=== Work to complete ===
In the entries below, find the line containing "So whether you're" and the line containing "Wohnzimmer Couchtisch aus". Copy those two lines and everything between them exactly, without the pictures.

=== The records ===
++++++++

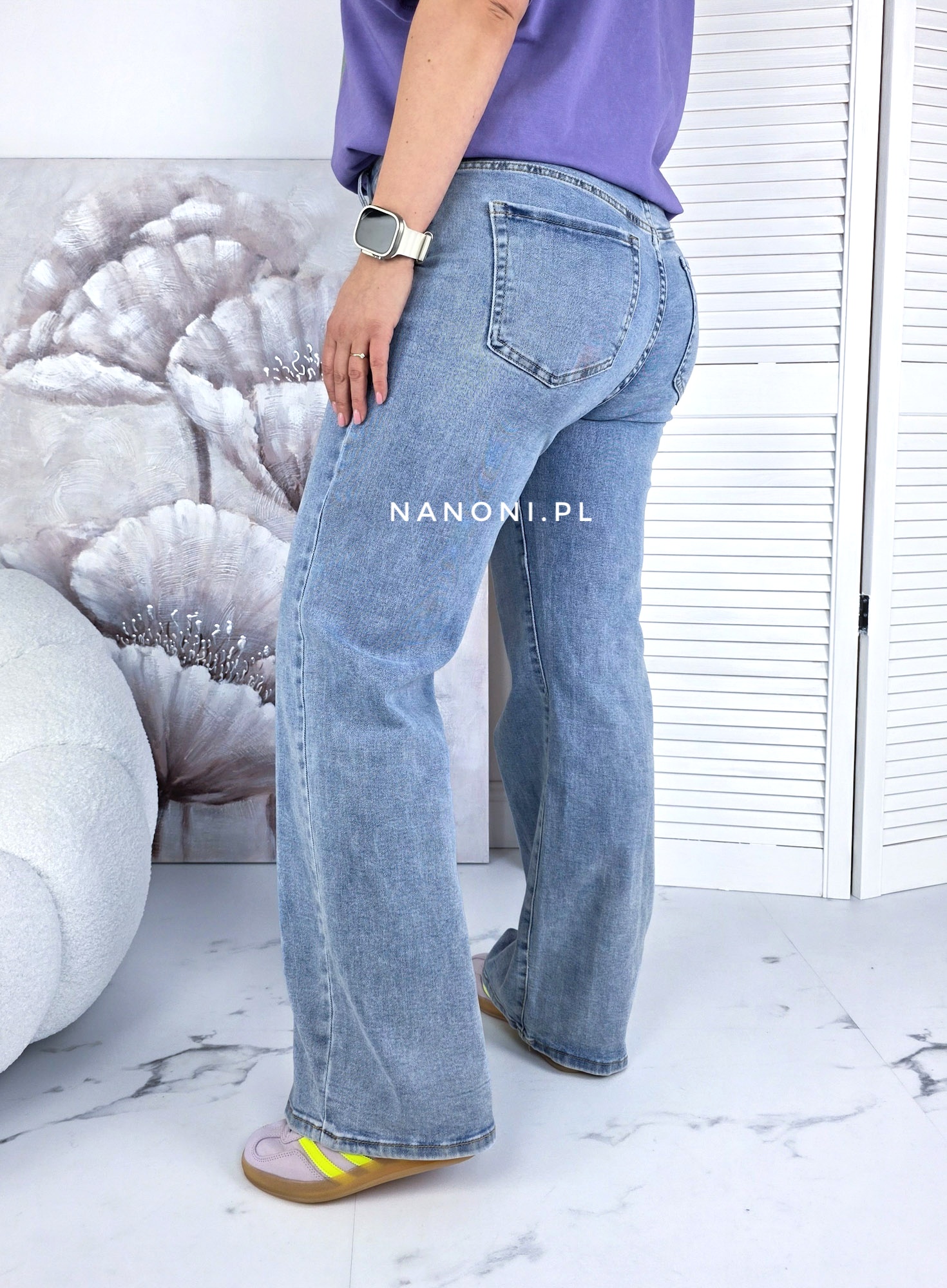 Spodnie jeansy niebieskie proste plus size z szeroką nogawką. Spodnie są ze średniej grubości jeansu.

++++++++

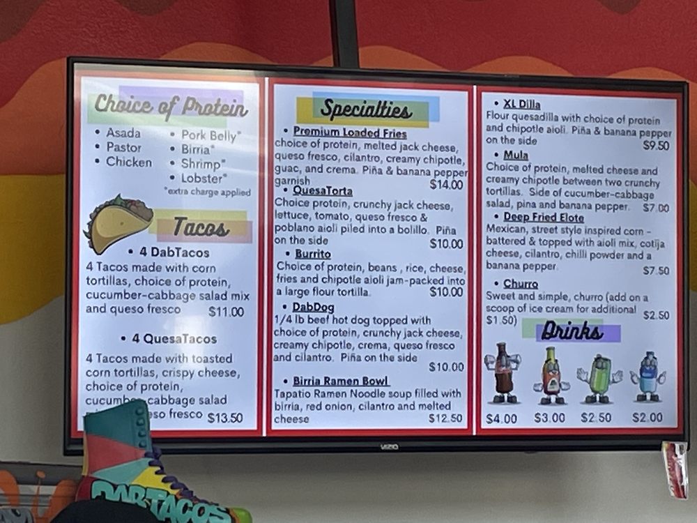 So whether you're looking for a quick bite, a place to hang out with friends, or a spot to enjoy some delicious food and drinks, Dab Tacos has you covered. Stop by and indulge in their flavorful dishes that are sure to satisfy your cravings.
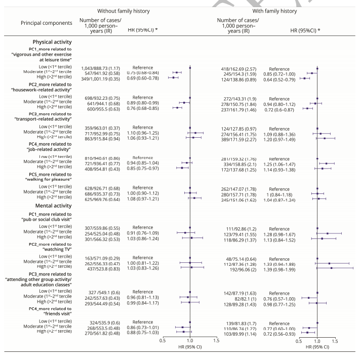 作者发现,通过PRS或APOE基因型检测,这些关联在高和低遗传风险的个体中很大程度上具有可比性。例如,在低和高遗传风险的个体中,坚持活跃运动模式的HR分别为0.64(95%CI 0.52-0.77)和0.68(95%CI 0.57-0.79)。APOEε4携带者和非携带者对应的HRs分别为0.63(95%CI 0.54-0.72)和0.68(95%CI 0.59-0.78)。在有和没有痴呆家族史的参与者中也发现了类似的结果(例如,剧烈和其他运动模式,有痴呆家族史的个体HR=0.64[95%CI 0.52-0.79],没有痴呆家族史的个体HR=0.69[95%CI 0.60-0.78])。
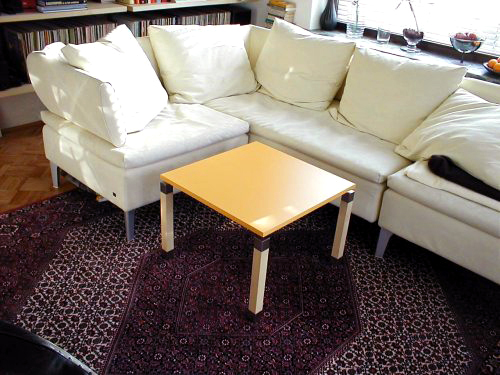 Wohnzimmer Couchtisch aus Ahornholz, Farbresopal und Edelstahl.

++++++++

=== Finished task ===
 So whether you're looking for a quick bite, a place to hang out with friends, or a spot to enjoy some delicious food and drinks, Dab Tacos has you covered. Stop by and indulge in their flavorful dishes that are sure to satisfy your cravings.
 作者发现,通过PRS或APOE基因型检测,这些关联在高和低遗传风险的个体中很大程度上具有可比性。例如,在低和高遗传风险的个体中,坚持活跃运动模式的HR分别为0.64(95%CI 0.52-0.77)和0.68(95%CI 0.57-0.79)。APOEε4携带者和非携带者对应的HRs分别为0.63(95%CI 0.54-0.72)和0.68(95%CI 0.59-0.78)。在有和没有痴呆家族史的参与者中也发现了类似的结果(例如,剧烈和其他运动模式,有痴呆家族史的个体HR=0.64[95%CI 0.52-0.79],没有痴呆家族史的个体HR=0.69[95%CI 0.60-0.78])。
 Wohnzimmer Couchtisch aus Ahornholz, Farbresopal und Edelstahl.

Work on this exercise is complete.